GM is having difficulty making more than 20K of the perfectly conventional Malibus per month (their second Malibu plant has not reached full volume production). Their Volt output may be in the neighborhood of 120K Volts per year. It may even be less.

GM might be first out of the gate with what might turn out to be winning technology but the automobile market does not turn on a dime. It will take a decade for GM to shift production to a largely EV fleet. One of the limits will be available money for investment in new production facilities. Guess who doesn't have that problem?

What makes you think Toyota has "screwed thereself legally?"

What makes you think Toyota will have to "start from ground zer?" Toyota ships 30K cars/month with battery, electric drive and control electronics. I routinely hear people talk about the "complexity" of HSD. Given that they not only have experience with batteries, electric motors and control electronics, I'd think they could master something that's allegedly simpler.

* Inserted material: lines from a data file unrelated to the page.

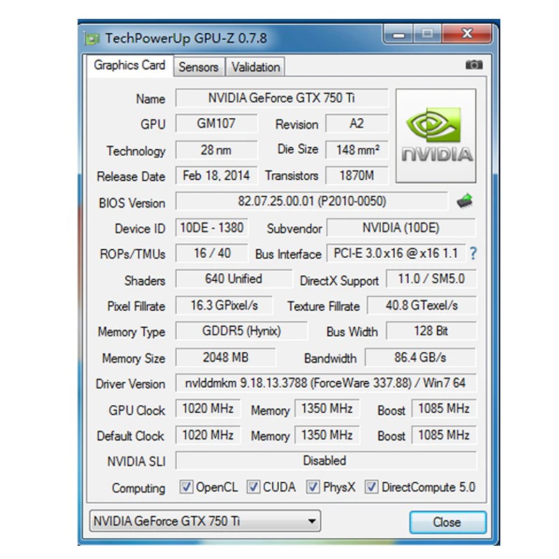 Tarjeta gráfica de vídeo ASUS GTX 750Ti-OC 2GD5
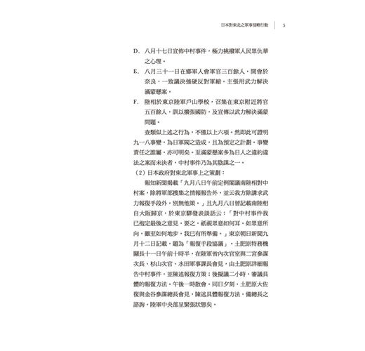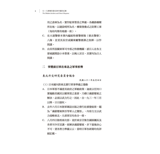 觀十五日之記載,日本對於中國以武力侵略, 九一八事變之具體方策已定矣。尚有一可記之事,其事雖不屬於軍事範圍,然為世界外交家所知者,頗可為日人應負九一八事變責任之一證;即九月十三日東京朝日新聞記事,日本出席國聯代表芳澤大使於九日國聯會席上說明:「國家自衛權之保留,與聯盟規約及非戰公約調和,而不相背。」其用語及地名國名,已明示在中國東北將有軍事行動之企圖意味矣。中國代表施肇基於十一月總會曾將此意隱密揭明,並要求各國對此加以預防及制裁,否則非戰條約將成空文云云。
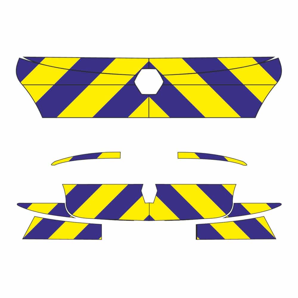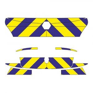 Bandes alternées bleues et jaunes citron fluo rétroréfléchissantes horizontales, hauteur minimum 0,14 m sur toute la largeur du véhicule, chevron centré et pointé vers le haut.
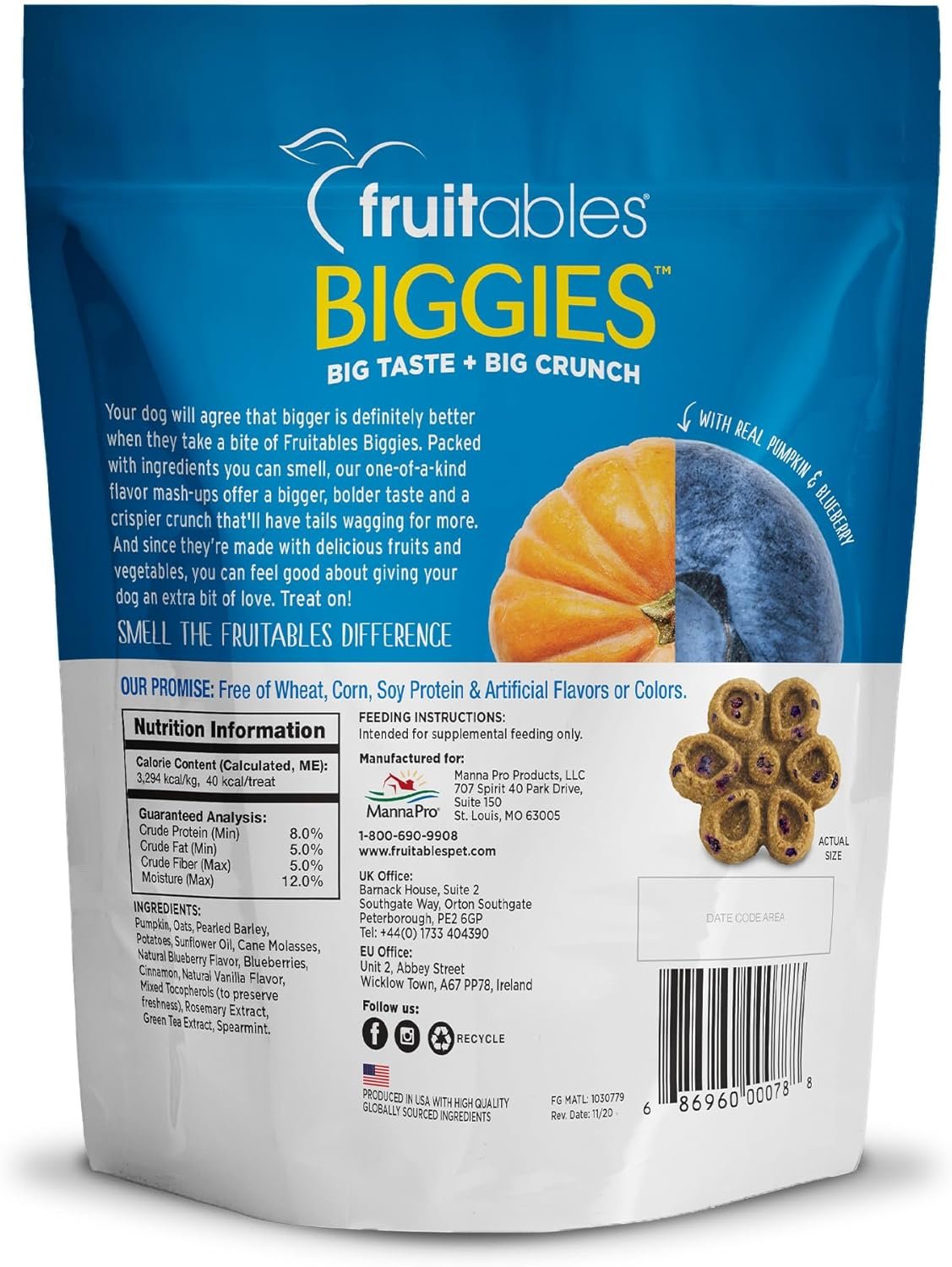 Fruitables Biggies Dog Biscuits – Crunchy Dog Biscuits Made with Pumpkin – Healthy Dog Treats Packed with Real Fruit Flavor – Free of Wheat, Corn and Soy – Pumpkin & Blueberry – 16 oz
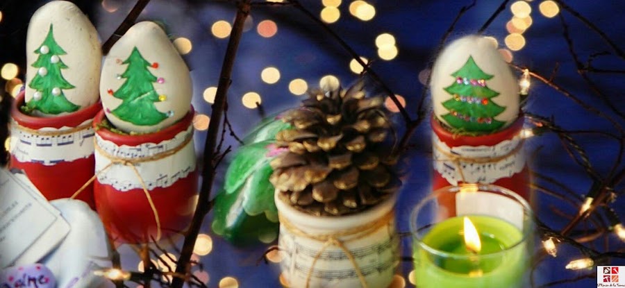 Las piedras las he pintado con acrílica, en un tono visón o veis, pero también las podéis dejar naturales, tal cual vienen, (previamente hay que limpiarlas) eso a vuestro gusto. Luego he dibujado el árbol de navidad en cada una de ellas y antes de decorar una mano de barniz para proteger. Por último los he decorado con perlitas adhesivas, de colores y de perlas
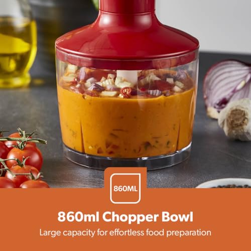- 2. 860ML CHOPPER BOWL & WHISK ATTACHMENTS - A spacious and transparent jar will allow you to prepare a full portion and control the degree of chopping. Whisk attachment included.

One of the key factors will be price. Even if gas is fairly expensive, a Prius for a third less is going to look extremely attractive at 50mpg.

"I spent 200 a week going to work in my 9 mpg gallon pickup at $3 a gallon, I traded it in on a car that gets 40mpg, but at 6 to 10 bucks a gallon I will still spend 200 a week..." - wilson

You might look your math over. At $10 per gallon and the same distance traveled, your 40mpg car will require only $150/week in fuel. Even at $10/gallon, you'll be saving $50/week with the high-mpg car.